# TASK TO CARRY OUT:
From the data below, return only the lines from the one with "2022年度,截止至12月3" through the one with "Смешиваем вареный рассыпчатый", exact and inclusive, with pictures left out.

# DATA TO EXAMINE:
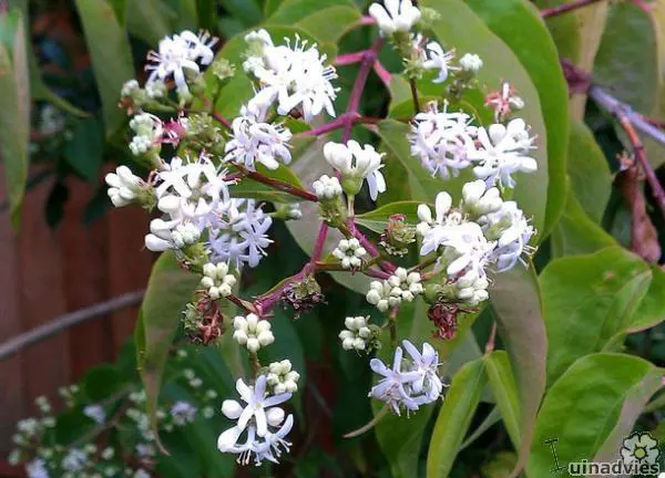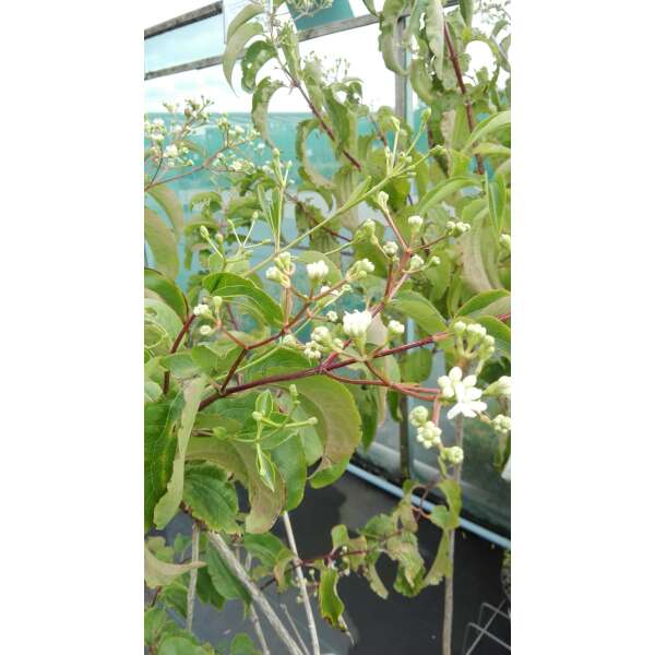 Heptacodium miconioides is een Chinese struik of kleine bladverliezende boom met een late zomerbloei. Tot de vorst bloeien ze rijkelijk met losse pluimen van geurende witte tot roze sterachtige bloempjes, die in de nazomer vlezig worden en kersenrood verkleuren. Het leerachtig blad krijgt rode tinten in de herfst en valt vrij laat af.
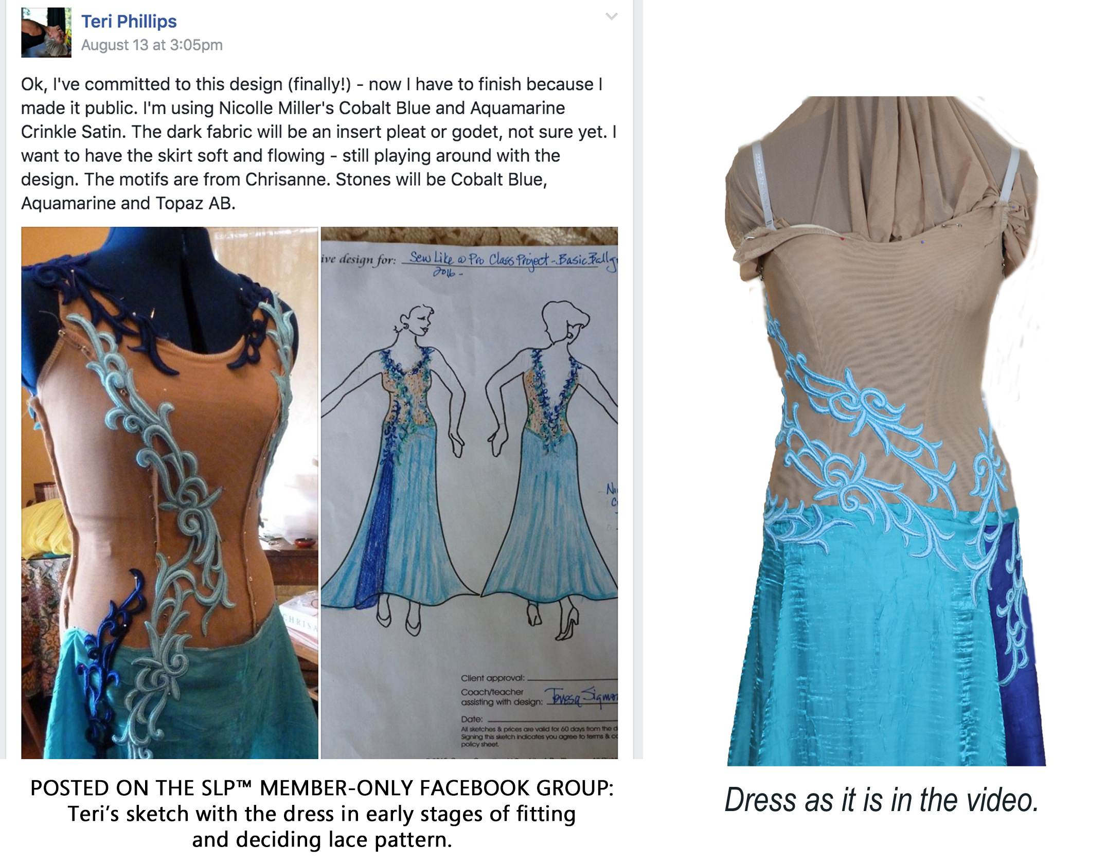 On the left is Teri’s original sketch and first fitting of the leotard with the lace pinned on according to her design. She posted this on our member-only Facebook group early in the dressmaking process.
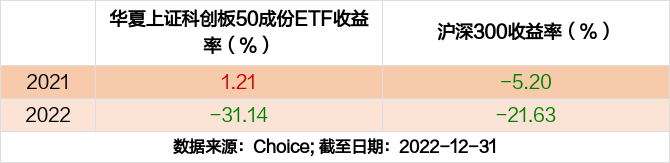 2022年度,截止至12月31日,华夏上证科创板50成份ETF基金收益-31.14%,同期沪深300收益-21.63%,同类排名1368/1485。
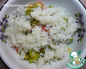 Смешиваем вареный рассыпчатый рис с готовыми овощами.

==

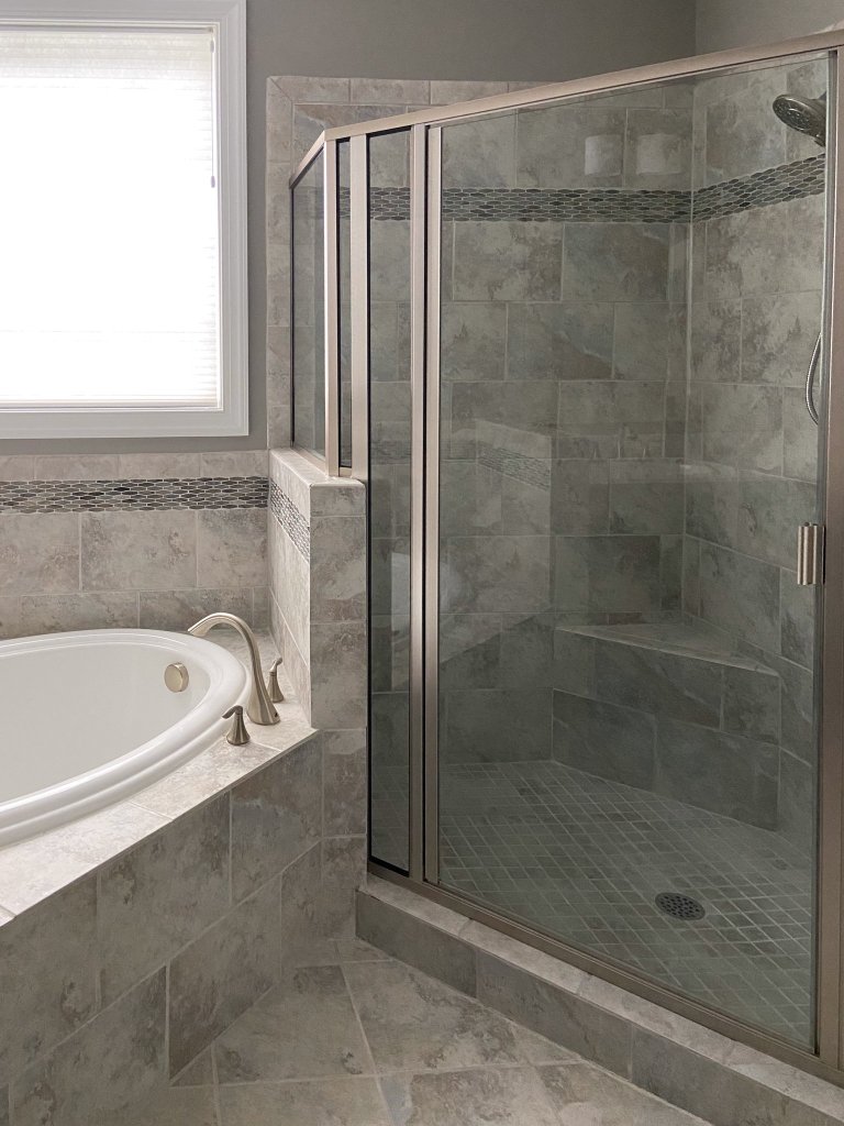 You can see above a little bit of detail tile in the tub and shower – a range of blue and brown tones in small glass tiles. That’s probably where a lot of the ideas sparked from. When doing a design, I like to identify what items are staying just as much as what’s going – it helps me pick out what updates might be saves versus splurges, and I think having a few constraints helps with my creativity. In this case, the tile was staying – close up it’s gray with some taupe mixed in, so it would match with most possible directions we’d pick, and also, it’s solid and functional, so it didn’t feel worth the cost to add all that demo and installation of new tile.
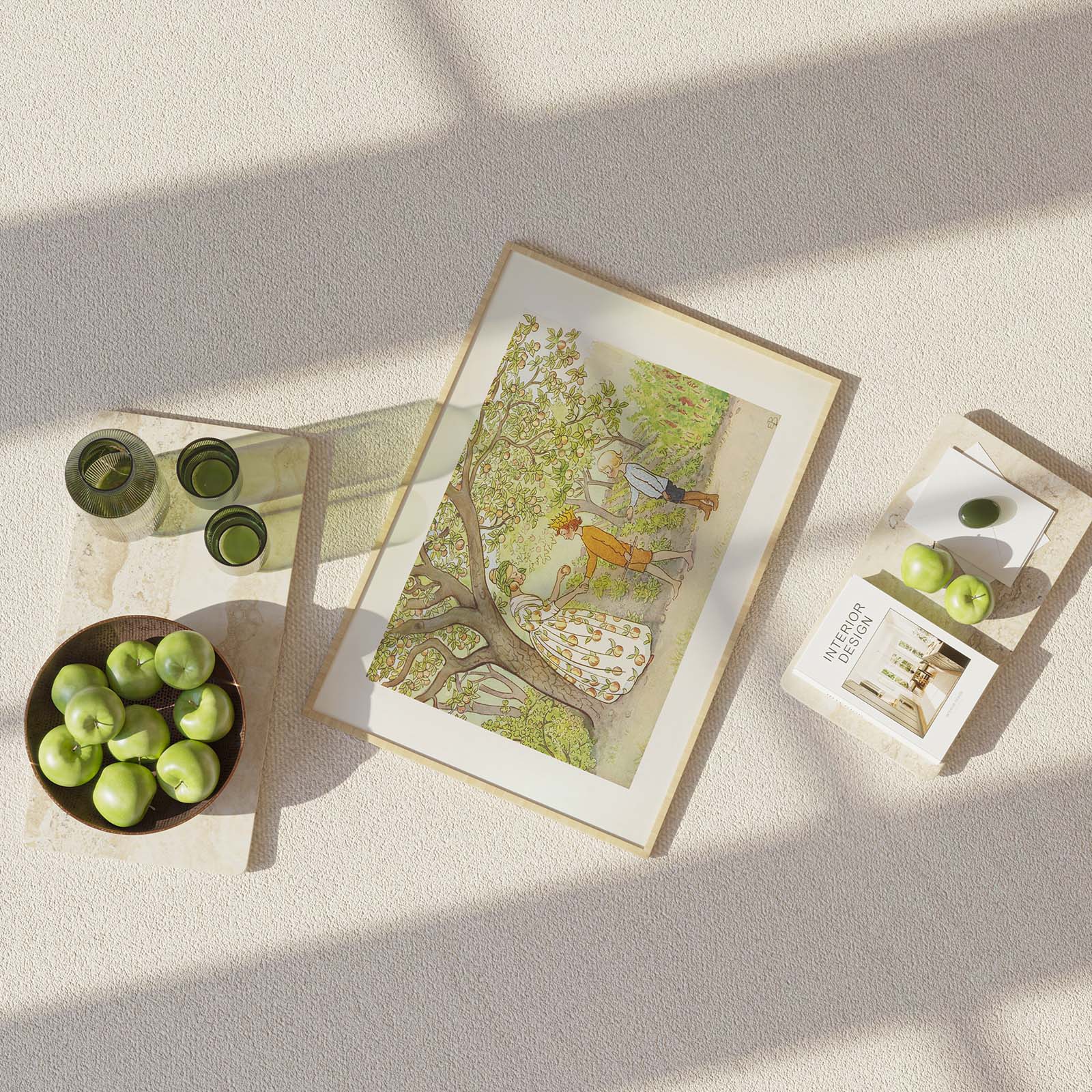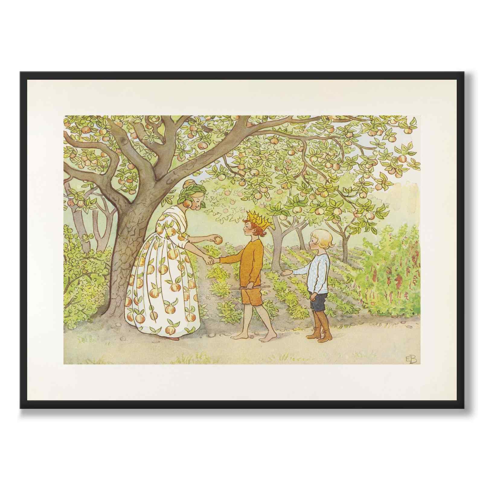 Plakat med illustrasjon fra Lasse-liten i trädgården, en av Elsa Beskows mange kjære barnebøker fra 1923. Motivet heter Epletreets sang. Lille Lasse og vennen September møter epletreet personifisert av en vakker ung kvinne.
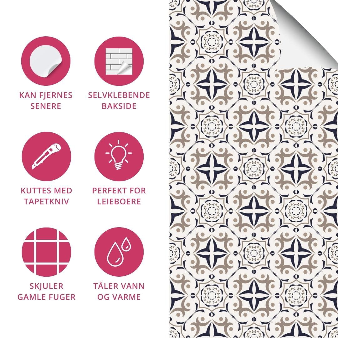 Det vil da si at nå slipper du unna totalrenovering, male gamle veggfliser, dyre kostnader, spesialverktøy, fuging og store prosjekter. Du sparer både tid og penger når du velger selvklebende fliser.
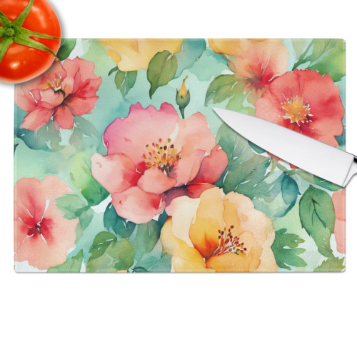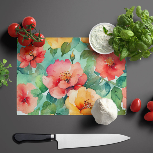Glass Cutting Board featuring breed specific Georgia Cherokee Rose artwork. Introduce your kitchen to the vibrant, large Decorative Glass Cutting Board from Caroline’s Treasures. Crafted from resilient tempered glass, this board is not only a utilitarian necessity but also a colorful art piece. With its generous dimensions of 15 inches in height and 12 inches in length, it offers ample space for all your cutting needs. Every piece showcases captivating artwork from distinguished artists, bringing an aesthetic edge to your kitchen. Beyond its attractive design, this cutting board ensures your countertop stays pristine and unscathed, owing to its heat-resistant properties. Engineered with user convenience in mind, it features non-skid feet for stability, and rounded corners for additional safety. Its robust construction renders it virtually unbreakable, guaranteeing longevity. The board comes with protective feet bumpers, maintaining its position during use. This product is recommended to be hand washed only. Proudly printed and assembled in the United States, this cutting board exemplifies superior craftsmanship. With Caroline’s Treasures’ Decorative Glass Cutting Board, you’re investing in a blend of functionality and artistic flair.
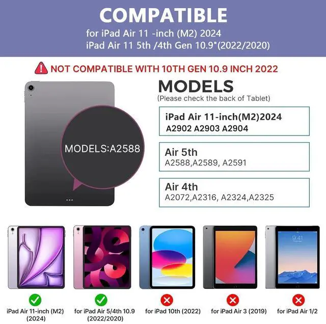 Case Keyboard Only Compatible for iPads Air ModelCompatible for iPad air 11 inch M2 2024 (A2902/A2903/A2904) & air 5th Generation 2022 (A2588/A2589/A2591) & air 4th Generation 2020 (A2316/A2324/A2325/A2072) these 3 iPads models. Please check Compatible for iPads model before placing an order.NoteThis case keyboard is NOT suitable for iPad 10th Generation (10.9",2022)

# ANSWER SECTION:
 2022年度,截止至12月31日,华夏上证科创板50成份ETF基金收益-31.14%,同期沪深300收益-21.63%,同类排名1368/1485。
 Смешиваем вареный рассыпчатый рис с готовыми овощами.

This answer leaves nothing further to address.